Here's another reason that helps explain why golf gets traction, something I call "The Bubbe Theory." My Bubbe is pushing 95 and has cataracts so bad that, to her, even the most crystalline Chicago day is mostly cloudy. But she still listens to the Cubs games, and she still calls me in a fit if she disagrees with something Rick Telander writes in the Chicago Sun Times. She's a sports fan. If she doesn't know you, you're just filling a niche. And niche players, even historically good ones like Roger and Raf, don't drive betting volume. Only the highest profile names attract square money, which inflates wagering totals like a shot of saline to the lips. Bubbe, and the public, loved Agassi, tennis' last cross-the-rubicon, mainstream draw. She also has a crush on Tiger. She's given me standing orders to put a sawbuck on the big cat whenever I walk through a sports book (or mistakenly tap into one via my Internet machine.) That explains why the Masters is getting $100K in action at some books while the four tennis majors might not get that combined this year.

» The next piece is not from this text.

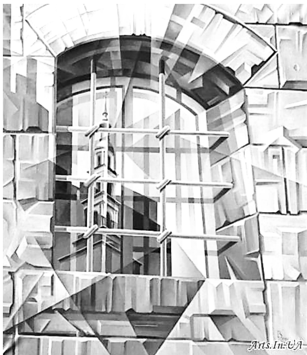
Рис. 1. В. Кротков. «Звонница». 2015 г., холст, масло

мощь громады собора и выгодно демонстрирующий умение рисовальщика. Прозрачность питерского духа, которую ощущаешь всегда, «пролетая по белым ночам опьяненной души», соткана из клиновидных плоскостей, составляющих мозаику неба, на фоне которого высится купол «Монферранова чуда». Они интересно расположены, и небо, не только формы образов, распластано на клинья, геометризировано, разбито на осколки, что придает работе привычную для живописца декоративность. Светлые части этих осколков, разные по силе тона, причудливо складываются в подсознании зрителя так, что образуется некий крест, по форме подобный Андреевскому, повторяющийся несколько раз, своего рода «противотанковый еж» или перекрещивающиеся лучи прожекторов, режущие тьму неба... Вина ли это влюбленного в Петербург воображения, или заслуга мастерской кисти художника, но это порождает комок, подкатывающий к горлу: невольно вспоминается, что колонны этой твердыни были изранены осколками фашистских снарядов, и следы от этих ран, свидетели блокадного Ленинграда, до сих пор лежат на челе «Исаакия» немым укором... Автор этого полотна действительно с «городом дождей мазан одним мирром».

This isn't a case of tennis being a difficult sport to bet. In fact, in Europe, it's probably the second most popular sport for gambling after soccer. Granted, as the WSJ football betting last week and The Mag's Shaun Assael examined in even greater depth last year, that might be because gamblers across the pond see it as an easy game to fix. But it could also be because, over there it holds the kind of sway the big two do over here.

Street corners in Spain are peppered with public courts and kids doing their best Raffy impressions. In some war torn parts of Eastern Europe poverty-stricken kids view tennis as an escape route, like football or basketball here. A couple years ago The Mag's Lindsay Berra wrote a great piece about Belgrade's Jelena Jankovic, Ana Ivanovic and Novak Djokovic. They learned the game as kids while bombs were raining down on their homeland. They practiced in drained swimming pools. Not exactly Nick Bolletierri conditions.

In the United States, casual fans think tennis is played four times a year. But on the tightly packed European continent, national interest in homegrown talent runs deep every weekend. Of the ATP's current top 20 players, only two, tennis betting and James Blake, are American. Fourteen are from Europe, representing six different countries.

No wonder fans from Lisbon to Bhudapest get jacked up for the net game, whether it's Wimbledon or a low-level tourney like the Estoril Open in Portugal (congrats to Spain's Albert Montanes for winning that one, btw). Chances are good that someone representing their flag will not only be playing, but have a shot at winning.

And that's all any bettor can ask for.